Task to complete – Would you repeat word for word the lines of the listing that follows, from the one with "6月30日,在建党99周年之" up to and including the one with "Der Sonntag war", and leave out the images?
━━━━━ Information supplied ━━━━━
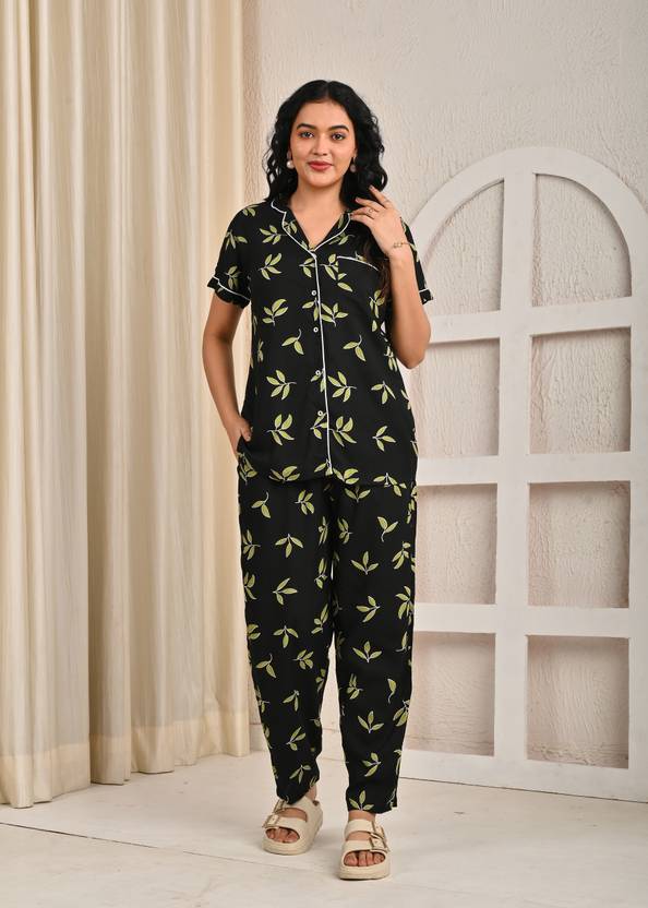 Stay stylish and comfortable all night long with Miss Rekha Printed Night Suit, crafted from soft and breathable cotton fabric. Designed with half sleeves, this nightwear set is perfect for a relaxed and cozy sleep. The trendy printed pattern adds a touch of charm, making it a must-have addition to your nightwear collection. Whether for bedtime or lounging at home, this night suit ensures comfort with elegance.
━━━━━
━━━━━ Information supplied ━━━━━
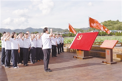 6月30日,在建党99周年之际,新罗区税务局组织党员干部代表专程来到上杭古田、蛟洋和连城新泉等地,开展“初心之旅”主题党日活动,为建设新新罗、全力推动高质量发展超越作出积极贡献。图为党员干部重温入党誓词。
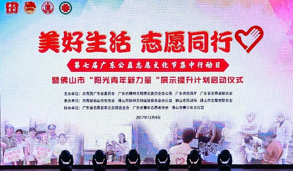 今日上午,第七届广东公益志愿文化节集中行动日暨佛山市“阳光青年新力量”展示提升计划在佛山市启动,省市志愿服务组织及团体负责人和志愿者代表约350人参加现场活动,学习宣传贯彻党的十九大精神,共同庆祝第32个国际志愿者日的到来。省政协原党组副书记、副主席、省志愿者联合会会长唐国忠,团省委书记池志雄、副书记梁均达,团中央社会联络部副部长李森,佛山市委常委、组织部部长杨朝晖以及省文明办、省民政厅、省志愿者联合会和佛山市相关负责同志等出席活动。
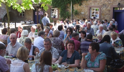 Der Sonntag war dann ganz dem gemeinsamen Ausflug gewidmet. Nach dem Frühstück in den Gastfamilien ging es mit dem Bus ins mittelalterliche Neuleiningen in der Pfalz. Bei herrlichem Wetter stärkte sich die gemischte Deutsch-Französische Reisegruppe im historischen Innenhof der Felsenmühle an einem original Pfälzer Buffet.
━━━━━
━━━━━ Information supplied ━━━━━
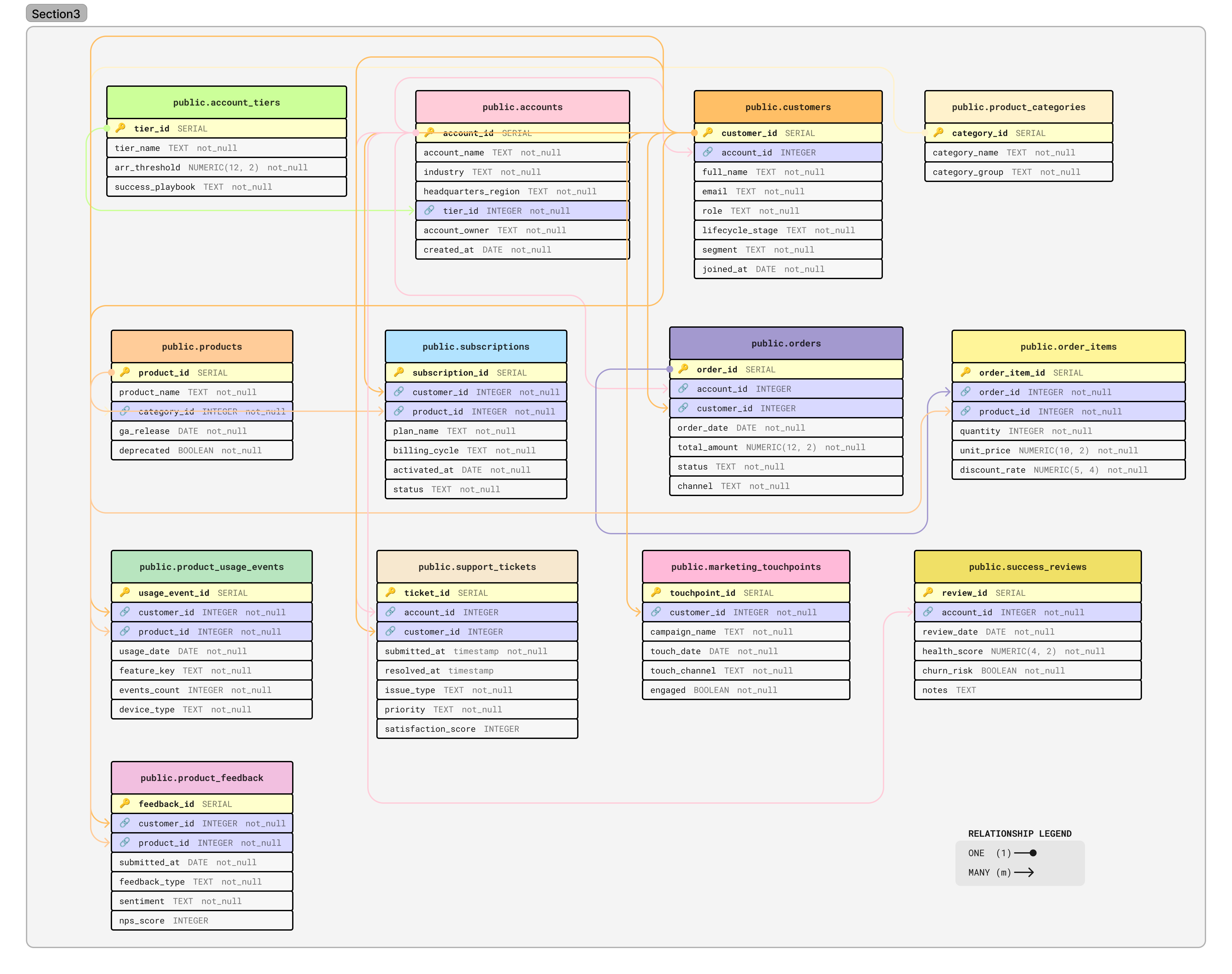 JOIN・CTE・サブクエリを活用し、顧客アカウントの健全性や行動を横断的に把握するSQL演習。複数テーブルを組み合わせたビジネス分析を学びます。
━━━━━
Result of this exercise –
 6月30日,在建党99周年之际,新罗区税务局组织党员干部代表专程来到上杭古田、蛟洋和连城新泉等地,开展“初心之旅”主题党日活动,为建设新新罗、全力推动高质量发展超越作出积极贡献。图为党员干部重温入党誓词。
 今日上午,第七届广东公益志愿文化节集中行动日暨佛山市“阳光青年新力量”展示提升计划在佛山市启动,省市志愿服务组织及团体负责人和志愿者代表约350人参加现场活动,学习宣传贯彻党的十九大精神,共同庆祝第32个国际志愿者日的到来。省政协原党组副书记、副主席、省志愿者联合会会长唐国忠,团省委书记池志雄、副书记梁均达,团中央社会联络部副部长李森,佛山市委常委、组织部部长杨朝晖以及省文明办、省民政厅、省志愿者联合会和佛山市相关负责同志等出席活动。
 Der Sonntag war dann ganz dem gemeinsamen Ausflug gewidmet. Nach dem Frühstück in den Gastfamilien ging es mit dem Bus ins mittelalterliche Neuleiningen in der Pfalz. Bei herrlichem Wetter stärkte sich die gemischte Deutsch-Französische Reisegruppe im historischen Innenhof der Felsenmühle an einem original Pfälzer Buffet.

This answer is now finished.